# Task:
Repeat the data that follows exactly, starting at the line with "支慧、武萌老师指导的会计技能" and ending at the line with "[경기뉴스원/경기뉴스1] | 양평군은", and leave out every picture.
[Input data — start]
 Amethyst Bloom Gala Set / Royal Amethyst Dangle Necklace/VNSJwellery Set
[Input data — finish]
[Input data — start]
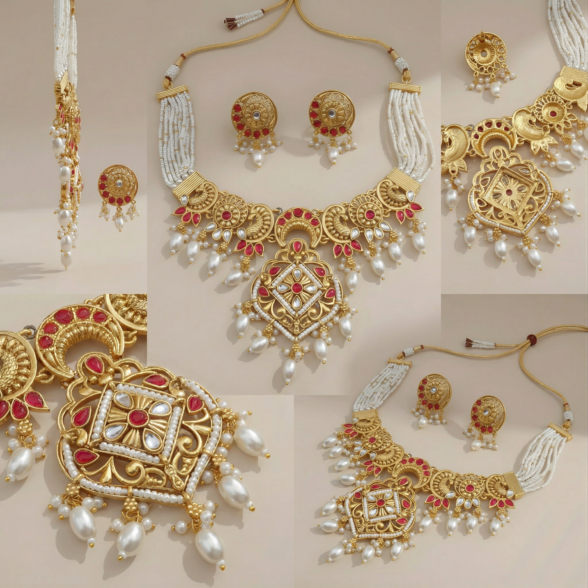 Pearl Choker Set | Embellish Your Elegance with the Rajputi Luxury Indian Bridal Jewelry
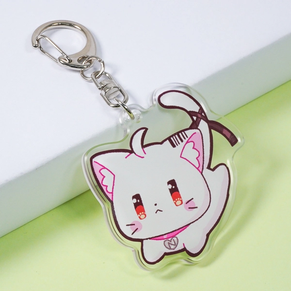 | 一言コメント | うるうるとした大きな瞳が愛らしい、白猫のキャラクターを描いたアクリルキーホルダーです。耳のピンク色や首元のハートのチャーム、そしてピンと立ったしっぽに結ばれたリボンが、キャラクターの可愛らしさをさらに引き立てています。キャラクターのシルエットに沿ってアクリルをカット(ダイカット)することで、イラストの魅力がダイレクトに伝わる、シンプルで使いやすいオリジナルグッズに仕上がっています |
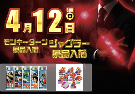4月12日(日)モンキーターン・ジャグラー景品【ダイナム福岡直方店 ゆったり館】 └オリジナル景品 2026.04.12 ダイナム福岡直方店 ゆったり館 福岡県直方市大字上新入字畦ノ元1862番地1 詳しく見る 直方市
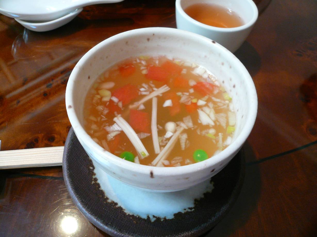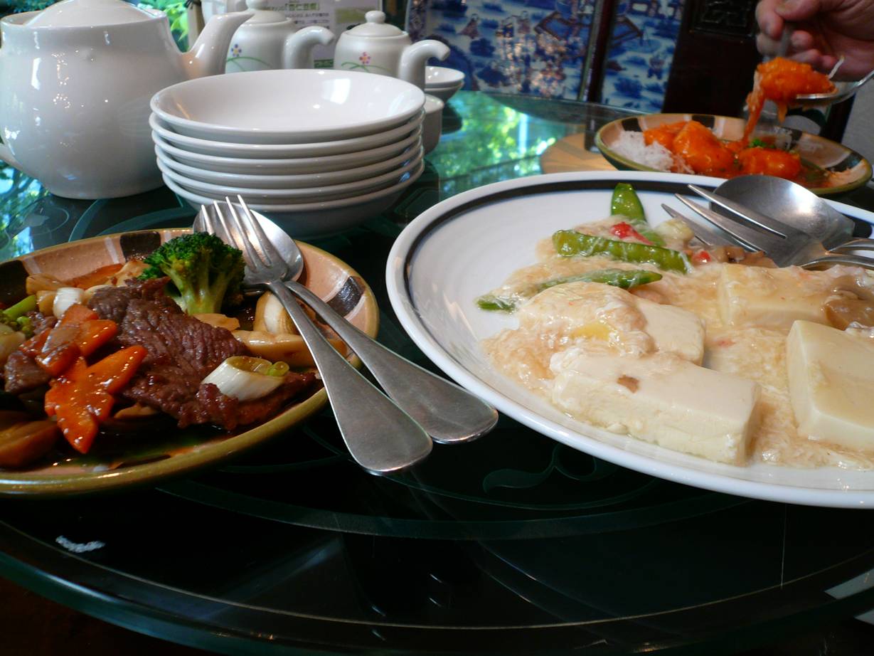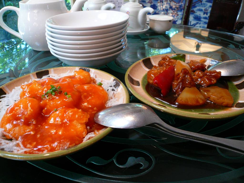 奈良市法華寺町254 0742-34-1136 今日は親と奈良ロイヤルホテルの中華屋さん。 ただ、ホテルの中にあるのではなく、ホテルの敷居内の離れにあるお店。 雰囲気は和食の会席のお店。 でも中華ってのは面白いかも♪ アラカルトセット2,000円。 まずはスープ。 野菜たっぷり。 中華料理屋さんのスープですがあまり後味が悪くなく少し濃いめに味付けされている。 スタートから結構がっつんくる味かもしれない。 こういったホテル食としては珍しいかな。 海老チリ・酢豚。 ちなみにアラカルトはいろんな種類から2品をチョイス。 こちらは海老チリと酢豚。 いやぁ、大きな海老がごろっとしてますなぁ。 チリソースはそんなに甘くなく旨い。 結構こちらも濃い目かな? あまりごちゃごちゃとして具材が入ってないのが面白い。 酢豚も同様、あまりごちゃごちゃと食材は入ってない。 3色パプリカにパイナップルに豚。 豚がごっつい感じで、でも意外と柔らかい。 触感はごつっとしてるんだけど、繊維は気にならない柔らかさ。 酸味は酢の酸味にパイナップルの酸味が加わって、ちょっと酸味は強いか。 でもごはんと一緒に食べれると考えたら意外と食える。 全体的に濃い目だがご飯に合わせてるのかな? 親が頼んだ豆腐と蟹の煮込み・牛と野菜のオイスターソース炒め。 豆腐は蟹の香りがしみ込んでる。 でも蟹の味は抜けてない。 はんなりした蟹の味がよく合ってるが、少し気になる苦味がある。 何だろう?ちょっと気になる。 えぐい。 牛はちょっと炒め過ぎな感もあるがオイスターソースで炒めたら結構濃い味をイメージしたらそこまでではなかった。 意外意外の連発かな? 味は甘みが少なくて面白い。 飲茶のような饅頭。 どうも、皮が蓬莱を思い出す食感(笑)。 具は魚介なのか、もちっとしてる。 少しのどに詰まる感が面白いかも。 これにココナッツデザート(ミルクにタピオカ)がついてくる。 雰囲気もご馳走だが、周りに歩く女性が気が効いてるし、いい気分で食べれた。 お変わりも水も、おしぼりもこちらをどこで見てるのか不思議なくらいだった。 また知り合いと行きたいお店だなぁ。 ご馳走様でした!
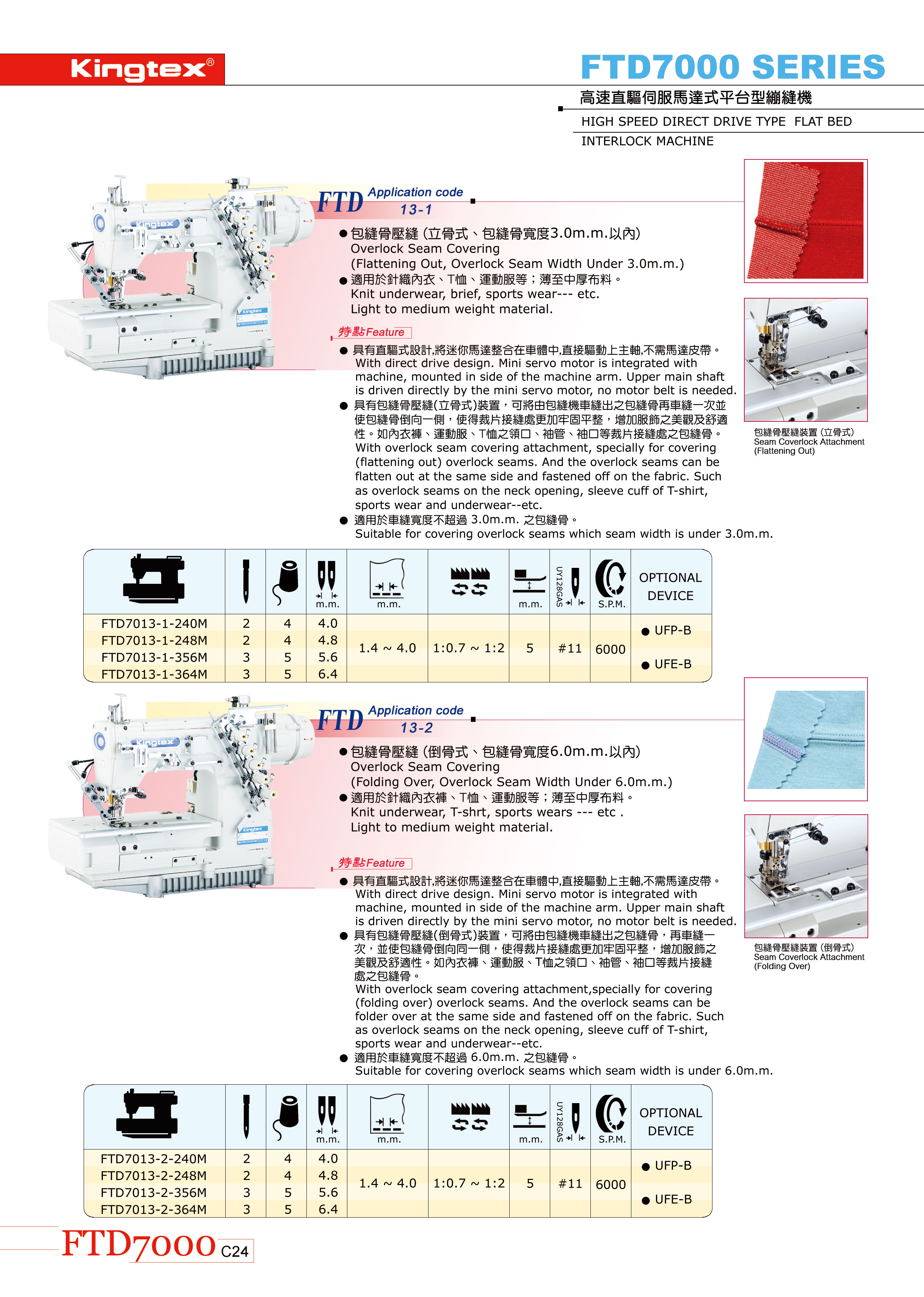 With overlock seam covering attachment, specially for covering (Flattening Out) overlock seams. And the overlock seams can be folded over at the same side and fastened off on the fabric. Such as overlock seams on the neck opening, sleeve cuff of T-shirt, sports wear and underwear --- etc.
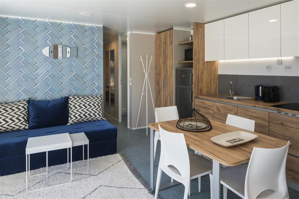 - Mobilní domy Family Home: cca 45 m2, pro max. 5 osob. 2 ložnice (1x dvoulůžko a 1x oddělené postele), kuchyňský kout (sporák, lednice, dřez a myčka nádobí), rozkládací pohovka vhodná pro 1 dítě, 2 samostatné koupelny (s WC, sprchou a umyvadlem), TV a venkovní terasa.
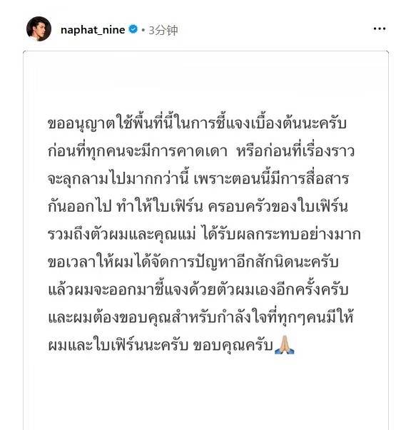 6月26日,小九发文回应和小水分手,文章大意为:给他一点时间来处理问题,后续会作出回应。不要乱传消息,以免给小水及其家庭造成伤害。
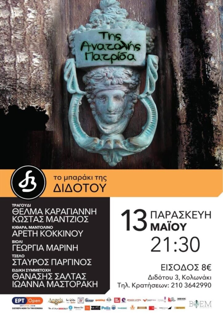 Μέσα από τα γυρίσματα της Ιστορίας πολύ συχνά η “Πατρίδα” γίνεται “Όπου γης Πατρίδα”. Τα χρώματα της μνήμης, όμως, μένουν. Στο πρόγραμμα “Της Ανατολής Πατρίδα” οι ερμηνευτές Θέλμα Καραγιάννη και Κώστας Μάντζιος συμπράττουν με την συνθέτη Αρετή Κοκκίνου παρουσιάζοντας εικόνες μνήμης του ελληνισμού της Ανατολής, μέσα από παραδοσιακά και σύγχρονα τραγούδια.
[Input data — finish]
[Input data — start]
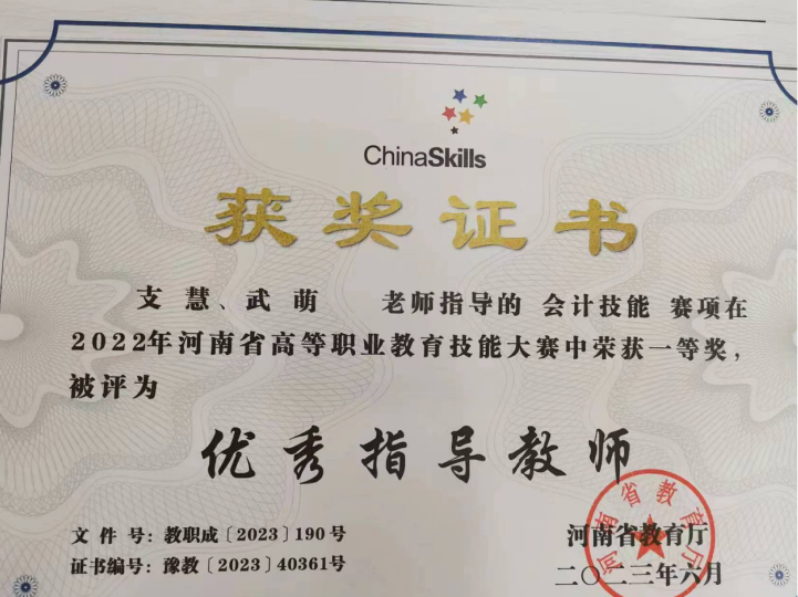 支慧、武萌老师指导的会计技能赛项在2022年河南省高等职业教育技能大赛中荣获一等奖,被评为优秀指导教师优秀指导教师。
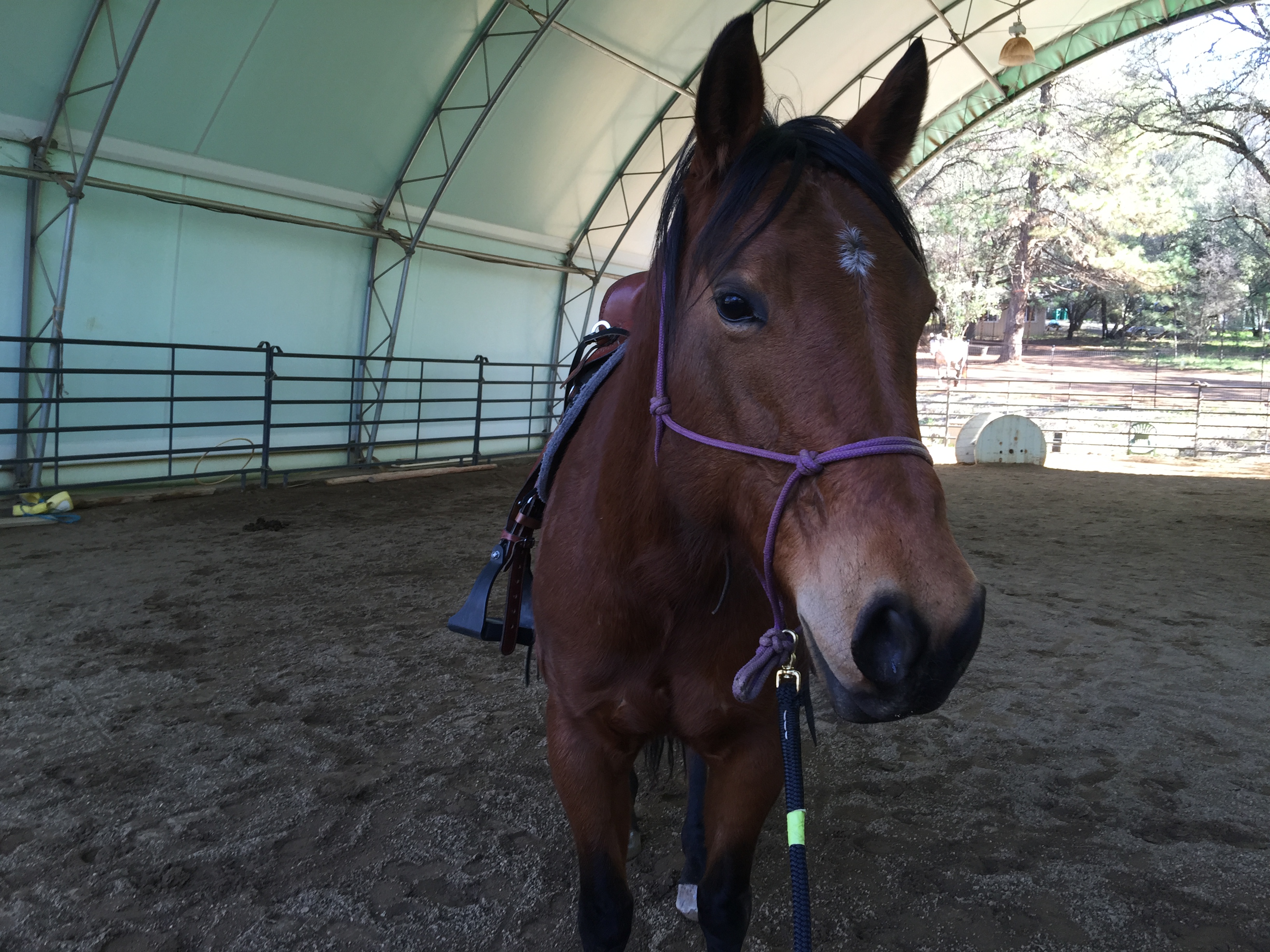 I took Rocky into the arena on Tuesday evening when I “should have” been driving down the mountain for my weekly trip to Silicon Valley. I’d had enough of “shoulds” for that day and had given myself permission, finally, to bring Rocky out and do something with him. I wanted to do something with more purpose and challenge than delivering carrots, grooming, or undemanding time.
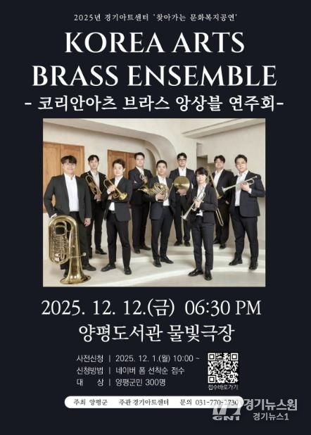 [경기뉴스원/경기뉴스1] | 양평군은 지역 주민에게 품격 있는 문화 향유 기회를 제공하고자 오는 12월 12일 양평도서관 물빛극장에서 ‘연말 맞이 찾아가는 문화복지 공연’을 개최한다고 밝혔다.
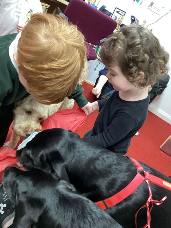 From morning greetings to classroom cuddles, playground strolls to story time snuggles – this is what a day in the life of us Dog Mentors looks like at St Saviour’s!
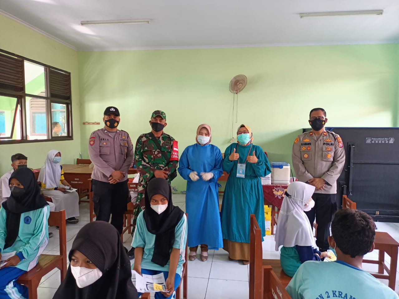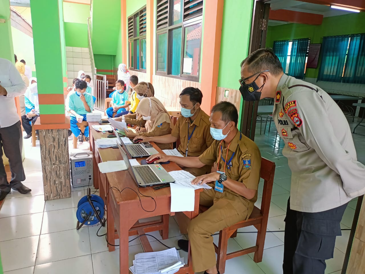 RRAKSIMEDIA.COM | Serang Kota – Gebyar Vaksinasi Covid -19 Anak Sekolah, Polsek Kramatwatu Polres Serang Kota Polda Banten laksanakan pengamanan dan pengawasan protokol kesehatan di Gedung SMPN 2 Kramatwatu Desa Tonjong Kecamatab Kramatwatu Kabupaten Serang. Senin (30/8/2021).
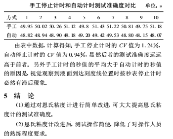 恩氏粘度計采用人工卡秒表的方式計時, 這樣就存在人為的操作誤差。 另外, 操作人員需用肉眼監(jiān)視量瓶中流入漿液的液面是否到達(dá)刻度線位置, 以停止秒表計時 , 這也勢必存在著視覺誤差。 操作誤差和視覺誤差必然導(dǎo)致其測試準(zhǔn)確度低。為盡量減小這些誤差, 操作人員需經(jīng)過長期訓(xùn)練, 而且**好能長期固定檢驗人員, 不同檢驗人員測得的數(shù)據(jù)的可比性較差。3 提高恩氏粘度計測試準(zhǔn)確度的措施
[Input data — finish]
# Exercise solution:
 支慧、武萌老师指导的会计技能赛项在2022年河南省高等职业教育技能大赛中荣获一等奖,被评为优秀指导教师优秀指导教师。
 I took Rocky into the arena on Tuesday evening when I “should have” been driving down the mountain for my weekly trip to Silicon Valley. I’d had enough of “shoulds” for that day and had given myself permission, finally, to bring Rocky out and do something with him. I wanted to do something with more purpose and challenge than delivering carrots, grooming, or undemanding time.
 [경기뉴스원/경기뉴스1] | 양평군은 지역 주민에게 품격 있는 문화 향유 기회를 제공하고자 오는 12월 12일 양평도서관 물빛극장에서 ‘연말 맞이 찾아가는 문화복지 공연’을 개최한다고 밝혔다.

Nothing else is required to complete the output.